Parent writes:

Dr. Todd, our daughter who is 14 has had a radical change in behavior in the past 6 months. She is consistently talking to us disrespectfully. Her grades have dropped, still gets good grades but clearly has lost her motivation for studying. She hates the school she attends and many of the teachers. Lots and Lots of friends issues, change of friends and some real mean girl stuff going on.

We have used the consequences of her phone and other electronic devices being taken away. Even that does not seem to work. She simply does not listen to anything we say. At the end of our rope and no idea what to do. I know much of this can be typical in girls in 8th grade, but I believe her behavior is extreme. Help!!!!

Dr. Todd writes:

I'm sorry to hear that your daughter is going through such a difficult time.  While she needs to talk to you respectfully, of course, I think the place to start is with what is underneath her disrespectful behavior.  You already suspect that she has strong negative feelings toward her school and teachers and is experiencing friendship problems on top of it. 

This is where you start.

I don't know what kind of conversations you've been able to have so far, but I would start with listening.  As Stephen Covey wrote, "Seek first to understand, then to be understood."  (my paraphrase).  Let her know that you really care about her feelings related to school, teachers, and friends.  Let her tell you all the details, ask clarifying questions, put yourself in her shoes, and try to really understand things from her point of view.

Once your daughter feels that you have come along side her, then she will be more open to the next step: mutual problem-solving.  Start with her ideas.  "What do you think is a good idea?" is a simple but effective question.  Even if she offers a bad idea (e.g., quitting school), write it down and she if she can think of another idea (e.g., "Well, quitting school is one idea.  What's another option?"). 

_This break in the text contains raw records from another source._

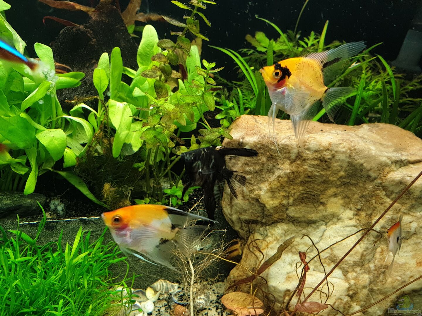 1/1 Apistogramma cacatuoides 1/1 Mikrogeophagus ramirezi 1/1 Mikrogeophagus ramirezi "Electric Blue" 3 Koi-Skalar, Pterophyllum scalare 1 Schwarzer Skalar, Pterophyllum scalare 6 Corydoras aeneus "Black Venezuela" 25 Roter Neon, Paracheirodon axelrodi 5 Paradiesschnecken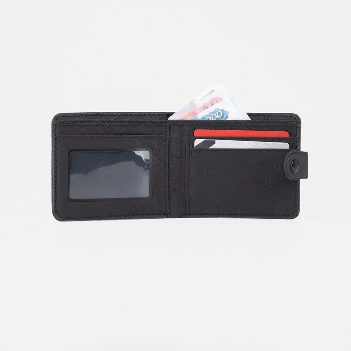 Портмоне мужское на кнопке, отдел для купюр, для карт, цвет чёрный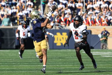 Notre Dame’s kicker Mitch Jeter made a 49-yard field goal in the final seconds of the half to give the Irish a 17-3 lead entering the break.

As you list her ideas and add your own, examine them together.  You want to help her think them through.  How would ______ idea really work out?  Would it help solve the problem or create other problems?  As you go through this process, hopefully your daughter will be able to identify positive ways of handling her difficult situations.  This may seem like a slow process, but it will communicate three things:  1) You love your daughter, 2) There are good solutions to her problems, and 3) Together, you can find them.

Above, I have described how I hope this discussion will sound.  It may not work out just this way.  Your calmness and patience will play a big role.  However, it is possible that she will not be receptive to your attempts or that you may push each other's buttons.  Even if she becomes disrespectful, you must remain respectful and in control--show her how to handle frustrated emotions the right way.  

If this happens, then I strongly recommend that you ask your pastor or family physician for a referral for a good child/family therapist.  A trained therapist may be what you need right now and can play a big role in helping your daughter and your family learn how to effectively navigate these situations and the ones yet to come.